Fitch has delivered a blow to Finnish phone maker Nokia’s credit rating after it downgraded to “junk” due to relatively poor earnings in Q1 2012.
The global ratings agency gave a low BB+ rating from BBB-, which reveals the worsening core Devices and Services division in Q1, including the overall lack of visibility in the phone maker’s short-term future. Fitch also gave negative outlook rating for Nokia, which reflects high chances of other future downgrades.
In order to avoid further negative rating action, Nokia needs to demonstrate substantial improvements over Q312, Q412 and 2013.
The launch of the new Lumia phone with AT&T, and the potential launch of new Nokia products later in the year, could be positive for Nokia’s credit profile. However, there are also numerous negative potential factors which could delay or fully impede a recovery.

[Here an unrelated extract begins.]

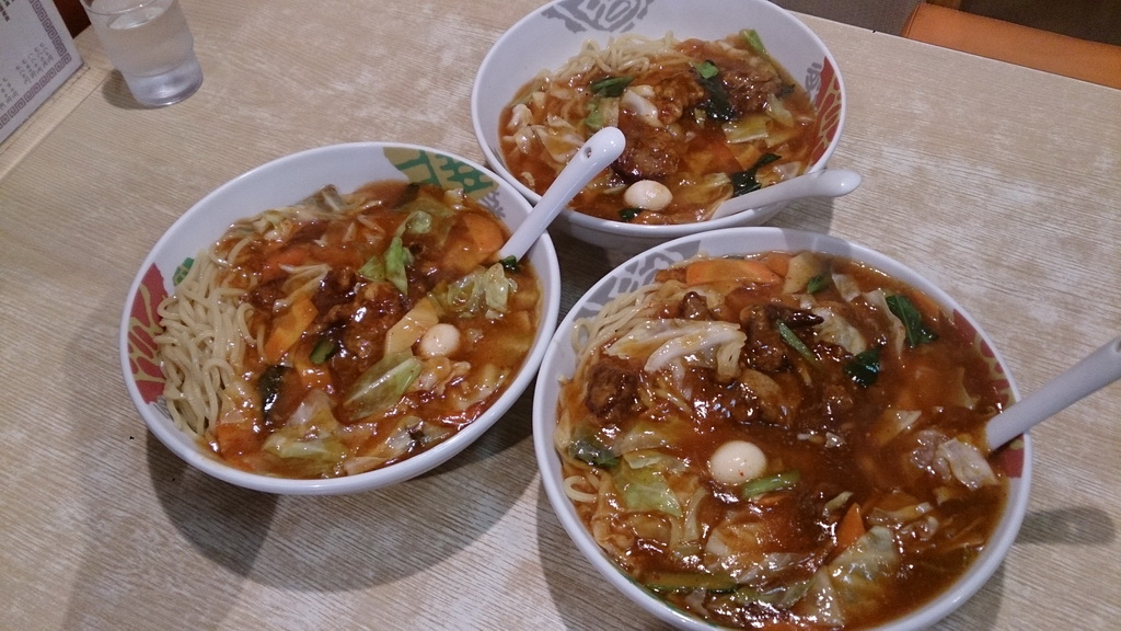 3人で、ここら辺のご当地グルメ、スタミナ冷しを食うのだ。

These could come from further dramatic declines in Nokia’s low-end smartphone and feature phone business, further losses at NSN, or only partial success of the Lumia product range that does not compensate fully for the declines in the rest of the business.
Timo Ihamuotila, Nokia’s EVP and CFO, defended the company’s financial situation, saying,
We are quickly taking action to position Nokia for future growth and success. Nokia will continue to increase its focus on lowering the company’s cost structure, improving cash flow and maintaining a strong financial position.
The news is hot on the heels of downgrades for Nokia from other ratings companies last week.